Here’s the breakdown of why and what your actual options are.
Why it’s impossible
lzwjava.github.io resolves through GitHub’s DNS (github.io zone), not yours. To put a site behind Cloudflare Pages, Cloudflare needs to either be authoritative for the zone or have a CNAME under a domain you own pointing at your-project.pages.dev. You own neither github.io nor its DNS. GitHub hardcodes <user>.github.io to serve from your Pages repo. There’s no DNS record you can create to redirect it.
What you can actually do
Build the Jekyll site yourself and push the static output to the lzwjava.github.io repo. This keeps the domain but moves the build off GitHub’s managed Jekyll (which is what you’d want anyway — custom plugins, newer Ruby, faster builds):
# build locally or in CI, then push _site to a branch GitHub Pages serves
bundle exec jekyll build
# commit _site contents to the gh-pages-serving branch
Better: GitHub Actions builds it, GitHub serves it. You get full control of the toolchain while keeping the .github.io host:
# .github/workflows/deploy.yml
name: deploy
on:
push: { branches: [main] }
permissions:
contents: read
pages: write
id-token: write
jobs:
build:
runs-on: ubuntu-latest
steps:
- uses: actions/checkout@v4
- uses: ruby/setup-ruby@v1
with: { ruby-version: '3.3', bundler-cache: true }
- run: bundle exec jekyll build
- uses: actions/upload-pages-artifact@v3
with: { path: _site }
deploy:
needs: build
runs-on: ubuntu-latest
environment: { name: github-pages }
steps:
- uses: actions/deploy-pages@v4
This is the standard “BYO build” pattern — you escape GitHub’s restricted Jekyll sandbox entirely while still serving on lzwjava.github.io.

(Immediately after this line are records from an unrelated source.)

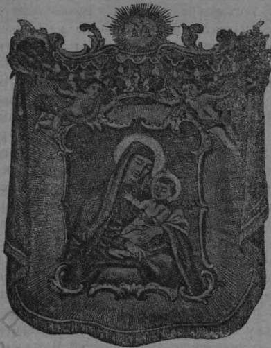
Чудотворная Икона Божіей Матери въ м. Боруняхъ, Ошмянск. у., Вил. г. (По изображенію 18-го вѣка).

Священное изображеніе Богоматери на св. Борунской иконѣ поясное; писано на доскѣ; размѣръ иконы 1 арш. 2 в. × 14 верш. Лѣвая рука Богоматери поддерживаеъ Богомладенца Иисуса, правая—, возлѣ лѣвой, покоится на Его ногахъ; глава Пречистой Дѣвы нѣсколько наклонена къ Ея Возлюбленному Сыну; тихій и умильный взглядъ Ея устремленъ на предстоящихъ; рука у Богомладенца правая протянута впередъ для благословенія. По стилю, контуру и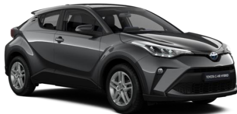
1G3 Ash Grey Metallic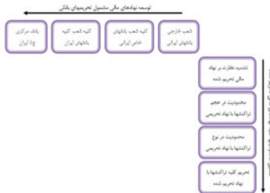
شکل ۲- روند تکاملی تحریم‌های مالی و پولی علیه ایران

روند تکاملی تحریم‌های مالی و بانکی در دو بعد ذیل پیگیری شده است: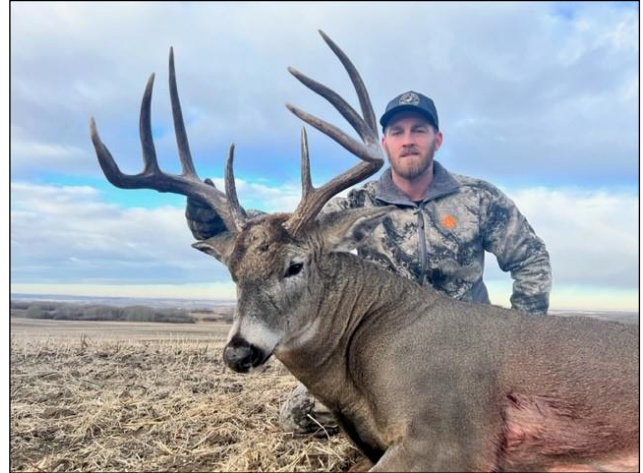
„Der Weißwedelhirsch ist eine der beliebtesten Wildarten in ganz Nordamerika!“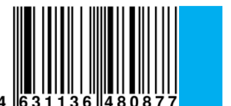
Телепрограмма 10 - 16 декабря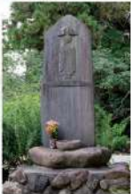
佐渡一國遍路開創記念碑

佐渡ヶ島は周囲280.4km、面積は855km 2 (東京23区の1.4倍)。朱鷺の島、花の島、歴史の島、人情の島、信仰の島である佐渡で、他では体験できないお遍路をお楽しみください。佐渡ヶ島は四季折々にお遍路さんをやさしく迎えてくれることでしょう。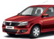
أحمر فاني 21D (أساسي) PASSION RED 21D (GO)

ألوان معدنية (ثانوي) METALLIC COLOURS (SEC)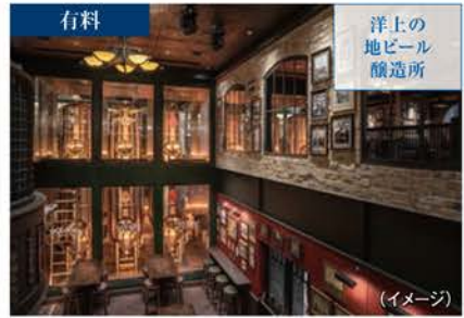
MASTERS OF THE SEA マスターズ・オブ・ザ・シー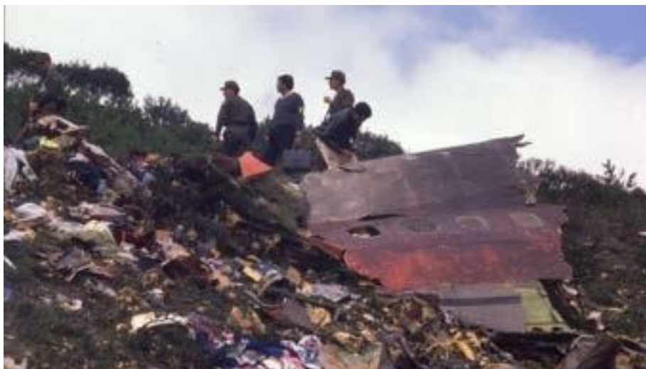
Fotografía Restos de avión HK-1803

Nota. El avión explotó en el aire. Todos los pasajeros murieron Foto: Archivo El Tiempo (26 de noviembre 2020).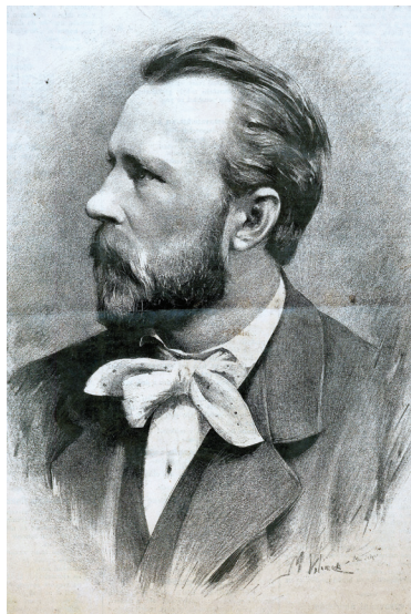
Julius Grégr

„Počátky zájmu Julia Grégra o politické dění úzce souvisí se založením Národních listů. Byl jejich redaktorem a po roce i majitelem. Aktivní působení v tomto vlivném českém, politicky orientovaném deníku, představovalo pro Grégra značné riziko. Jeho uvěznění v roce 1862 na 10 měsíců za tiskové přečiny vyvolalo vlnu solidarity. Stovky obcí mu vyjádřily podporu a více jak dvě desítky měst udělily čestné občanství. Osobnost Julia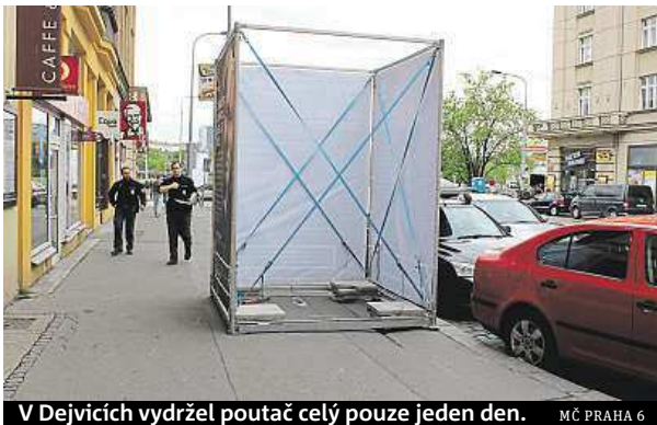
V Dejvicích vydržel poutač celý pouze jeden den. MČ PRAHA 6

„Kapesní krádeže, krádeže odložených věcí a součástek z automobilů v Praze obecně patří k nejčastějším přečinům,“ potvrzuje statistiku mluvčí Policie ČR Tomáš Hulan. Za loňský rok hlásí policie na šestce jeden případ pokusu o vraždu ve Vokovicích. Do statistik se dopsal případ ubití bezdomovce u stanice metra Hradčanská z roku 2013. Ze sto dvaceti čtyř ohlášených případů násilné trest-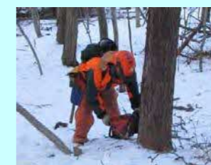
(株) 上村総業 穂別稲里721 素材生産 従業員 7名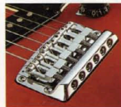
スチール切前ブリッジ

メイプルトップ・アルダー・バック ハンバッキング、シングルボビン双方のサウンドを活かせるユニークなラミネート削り出しボディ。フィット感がすばらしい。細心のボディカッティングが抜群の演奏性を約束。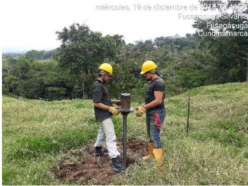
miércoles, 19 de diciembre de 2018 14:09:55 Fusagasuga-Silvania Fusagasuga Cundinamarca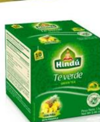
Té Verde c/ Sabor a Piña Caja 10 saq. 12 unid. - 5724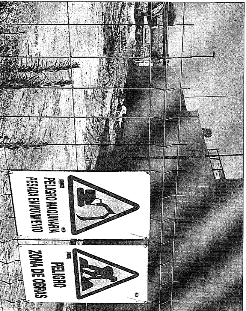
SINIESTRO. Obra en la que trabajaba el hombre de 30 años que murió ayer sepultado en Huelva.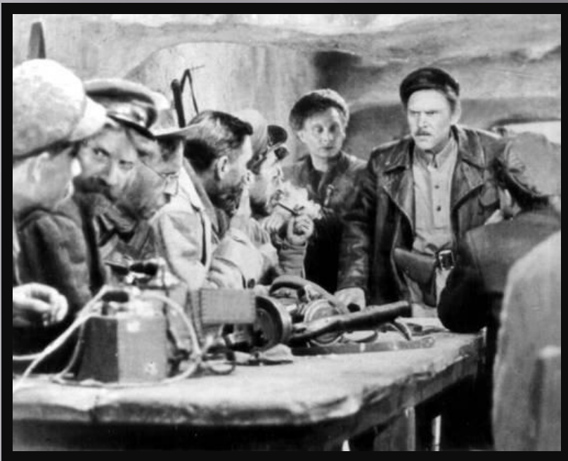
«Секретарь райкома», И. Пырьев(1942)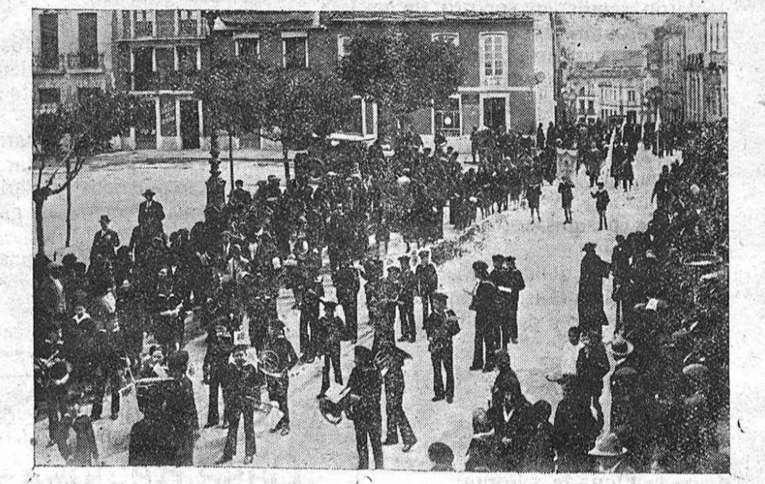
OTRA NOTA DE LA MISMA SOLEMNIDAD.—PASO DE LA PEREGRINACIÓN CORUNESA POR LA PLAZA DE SANTO DOMINGO. EN PRIMER TÉRMINO LA BANDA DE MÚSICA DE LAS ESCUELAS LABACA, DE LA VECINA CIUDAD

Mientras que casi todos los tratados similares hasta ahora publicados responden a las necesidades didácticas, o sea que son propios para profesionales y resultan, por tanto, de escasa eficiencia en la tarea de enjuiciar con intención divulgadora las verdaderas características del arte arquitectónico en función del tiempo y del espacio, la obra de Fletcher constituye, como su título indica—«Historia de la Arquitectura por el método comparado»—el compendio que tanto se echaba de me-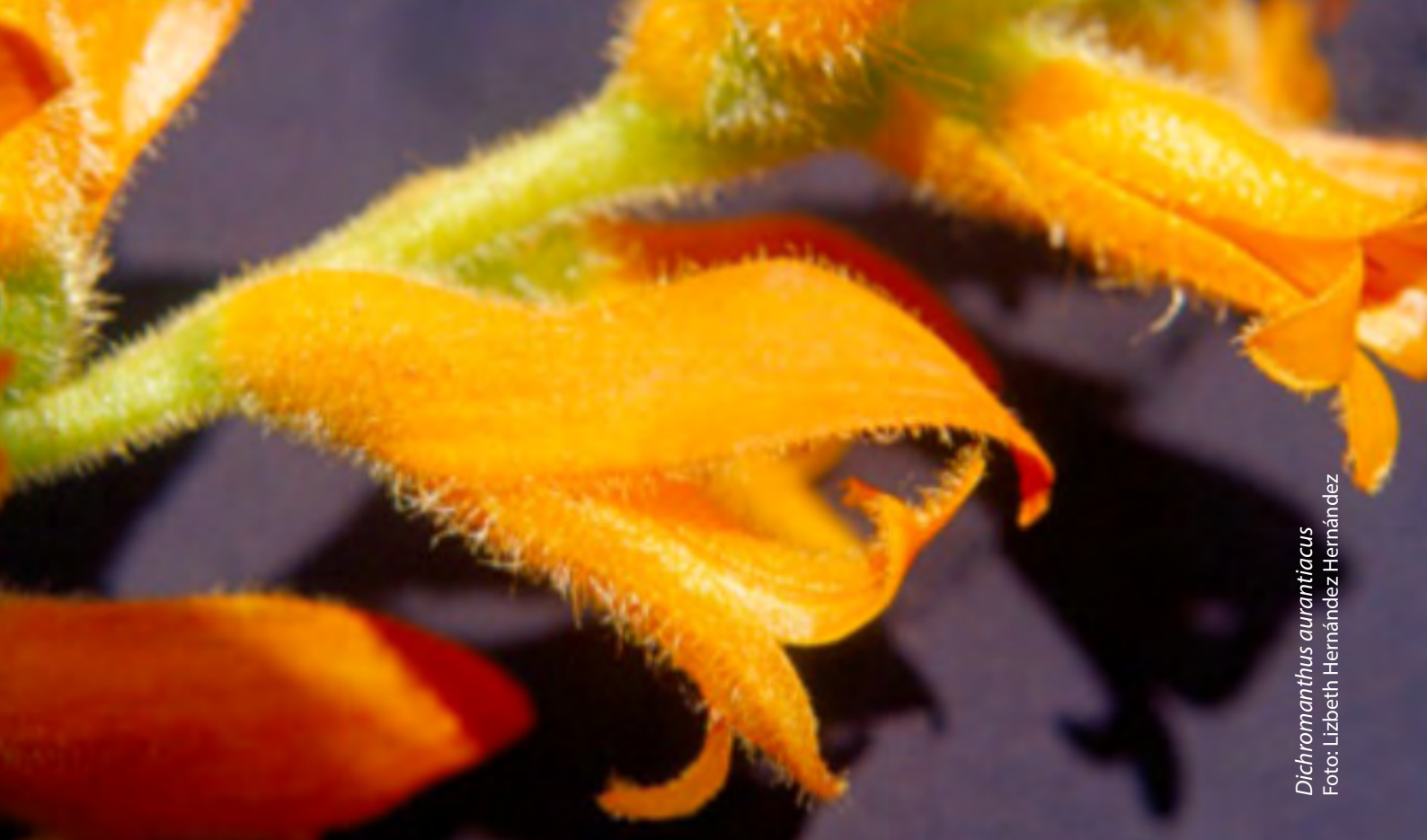
Dichromanthus aurantiacus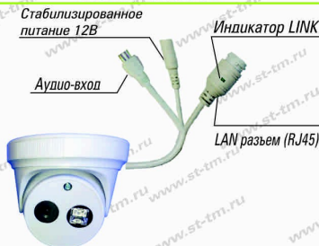
Рис.1 Схема подключения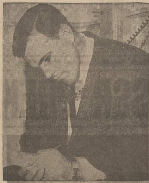
Ara Parseghian, aštuonerius metus išbuvus Northwestern universiteto futbolo treneriu, priėmė Notre Dame (South Bend, Ind.) universiteto pasiūlymą vadovauti to universiteto futbolo komandai.

Ross Thatcher yra pats buvęs Saskatchevano provincijos parlamento socialistų frakcijos nariu. Prieš keletą metų jis pabėgo nuo socialistų ir parėjo pas liberalus, žadėdamas jiems sutruškinti tuomet dar Tomo Douglaso vadovaujamą Saskatchevano socialistų vyriausybę. Liberalai padarė jį savo lyderiu toje provincijoje, ir per paskutinį rinkimus, kurie įvyko 1960 metais, Thatcher išėjo su didžiausia pompa į kryžiaus karamą prieš Tomy Douglas, žadėdamas pergale liberalams. Įvyko betgi ne taip, kaip svajojo antisocialistinis Saskatchevano kryžiuotis. Socialistai buvo sugrąžinti į vyriausybę, pravedami 34 atstovai į provincijos parlamentą, Thatcher liberalai pravedė 21 atstovą ir liko, kaip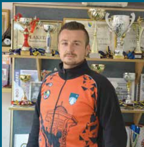
Miralem Mandžuka osvajač evropskih i svjetskih medalja

If you genuinely want Cloudflare Pages
You need a domain you own (e.g. lzwjava.com). Then Cloudflare Pages serves it, and optionally you keep lzwjava.github.io as a redirect (a tiny GitHub Pages repo with a meta-refresh or just a JS redirect to the apex domain). This is the move most people make eventually — own the apex domain, treat .github.io as a legacy redirect. A custom domain also decouples you from GitHub entirely, which fits your autonomy/self-hosting bias.
So the real question isn’t “Workers/Pages + github.io” (impossible) but “do I want to register lzwjava.com and migrate?” Given you publish ~400 posts and 8,000 notes, owning the apex is worth the ~$10/yr for portability alone — you’d never be locked to a provider again.